Возможно, Том заметил, что слишком увлекся критикой, и начал оправдывать своего работодателя.
— Ну, конечно, его можно понять. Я был ему нужен. А обжегся по собственной вине. В общем, ничего, справился.
— Но, тем не менее… — Я раздавила помидор на своей разделочной доске и принялась отделять зерна, затем измельчила его и бросила в общую кастрюлю.
— Мужик — настоящий гений, — не сдавался Том. — Иногда мне кажется, что глупо платить столько денег за то, чем я здесь занимаюсь. — Он кивнул в сторону быстро заполняющейся кастрюли.
— Да, — согласилась я. — Это точно. — И, не удержавшись, добавила самым невинным тоном: — По крайней мере, для тебя здесь скрашивает обстановку Тара.
Он немного помолчал, выбирая следующий помидор.
— Ага. — И сделал надрез. — Тара идеализирует своего отца. Не думаю, что когда-либо мне удастся выйти на его уровень.
— Ты имеешь в виду, в профессиональном смысле или по отношению к ней?
Он замешкался. Разрезал помидор пополам.
— И то, и другое.
— А вот я не сомневаюсь, что однажды ты превзойдешь Джонатана Гласса.
— Почему ты так думаешь?
— Потому что видела, на что ты способен. Я знаю, что ты достаточно честолюбив. И обладаешь всеми необходимыми качествами.
Возможно, я слегка лукавила. Но я и вправду думала, что его ожидают успехи на кулинарном поприще. Он был толковым, привлекательным белым мужчиной, полным амбиций. Почему бы и нет?
— Спасибо, — поблагодарил он, вытирая ладонь о полотенце, и пожал мою руку. — Эти слова многое для меня значат. Особенно из твоих уст.
— Не за что, — сказала я, глядя на его руку. Он до меня дотронулся! У меня еще есть шансы.
В конце дня мы все столпились в холле, ожидая, когда Жан-Поль вывесит лист с заданиями для банкета. Из лифта появился Кингсли.
— Джинджер! Как раз тебя я и ищу.
— Добрый день.
— Как ты?
— Неплохо.
— А твоя сестра?
Ральф удивленно поднял брови: «Какая еще сестра?»
— Я тут подумал… — Кингсли понизил голос и оглянулся, чтобы никто не мог его услышать. — Я бы хотел пригласить вас с Коко на ужин…
— Я… — Я не знала, что и сказать. Он приглашал меня просто потому, что хотел видеть Коко? Или же приглашал ее только для того, чтобы я не думала, будто это свидание. А хотела ли я поужинать наедине с Робертом Кингсли?

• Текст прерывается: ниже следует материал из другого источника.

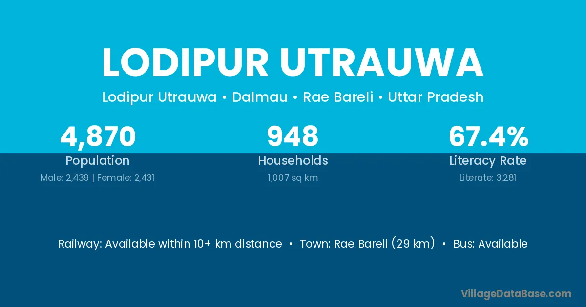 Rae Bareli (29 km) is the nearest town to Lodipur Utrauwa village for major economic activities and is located approximately 29 km away.

— Найджел Ситвелл сейчас в городе, — продолжал он. — И я подумал, что было бы неплохо с ним пообщаться. Обменяться рецептами…
— Найджел Ситвелл? — спросил Ральф. — Тот самый Найджел Ситвелл?
Он был знаменитостью в кулинарном мире. Этого толстого семидесятилетнего британца считали самым знающим из всех всезнаек.
— Ты тоже можешь прийти, Ральф, — пригласил Кингсли. И снова обратился ко мне: — Я думаю, Найджелу понравится Коко. А я разрабатываю новое меню, так что мне могут понадобиться подопытные кролики…
— Конечно, — согласилась я.
Ральф усиленно закивал:
— Мы обязательно придем.
— Отлично. Позднее я сообщу вам конкретную дату и время. Найджел еще не до конца составил свое расписание. И, прошу вас, особо не распространяйтесь. Не хотелось бы, чтобы все остальные чувствовали себя неловко из-за того, что я пригласил именно вас.
Кингсли направился в кухню. Я повернулась к Ральфу:
— Думаешь, он сохнет по Коко?
— Твоей сестрице?
— Она иногда любит так представляться. Просто подыграй, хорошо?
— Как ты позволяешь ей так с собой обращаться?
— Я здесь ни при чем. Просто ее не устраивает биологический возраст.
— Милая, ты слишком легко сдаешь свои позиции. На этом ужине ты должна ее затмить.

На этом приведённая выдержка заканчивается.